É pra isso que as pessoas precisam acordar. O gigante acordou? Ótimo! Mas, o gigante precisa deixar de olhar para o próprio umbigo e passar a olhar ao seu redor. Olhar para as mazelas que a sociedade ajudou a criar enquanto estava adormecida e pensando em si própria. Olhar para as favelas que se formam na periferia da cidade grande por pessoas que não conseguem um emprego e um lugar decente para morar.
As pessoas precisam acordar para o dia da eleição, ao invés de apenas aproveitar o dia de sol e ir para a praia, viajar. Precisam acompanhar o trabalho do candidato que ajudou eleger, seja o cargo que for; quais os projetos que eles apresentam; como votam e como conduzem a coisa pública. As pessoas precisam parar de se omitir quando acham que o assunto não lhe diz respeito e só se manifestar quando o outro já está rouco de tanto gritar que as coisas não estão funcionando bem há bastante tempo e ninguém ouve.

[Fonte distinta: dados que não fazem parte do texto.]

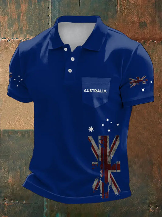 Men's Vintage Australian Flag Coat of Arms Lines Printed Casual Cotton Short Sleeve Polo Shirt

A cidadania é um exercício diário de quem se preocupa constantemente com o próximo, com as coisas ao redor, com os direitos e com os deveres e deve ser exercida por todos no pensamento de um bem comum. Não adianta achar que o vizinho é desonesto quando você encontra um objeto alheio e não procura devolvê-lo ao legítimo dono. Não adianta chamar o outro de corrupto quando você tem um emprego e arranja desculpas para não trabalhar. Não adianta chamar o guarda de corrupto quando você paga propina a ele para não ser multado porque fez algo errado no trânsito ou não pagou os impostos devidos. Não adianta o empresário, o patrão  querer funcionários honestos quando ele sonega impostos ou aumenta os preços dos produtos sem justificativa que não seja o do lucro excessivo. Não adianta cobrar honestidade dos políticos se não formos honestos com as pessoas. Honestidade não é apenas relacionada a dinheiro, é relacionada, também, a caráter; a personalidade; a firmeza de atos e exemplos bons para os filhos.
Pense nisso! Essa manifestação coletiva que o Brasil vive e a mudança de atitude que devemos tomar daqui em diante, é o maior legado que esse país pode ter.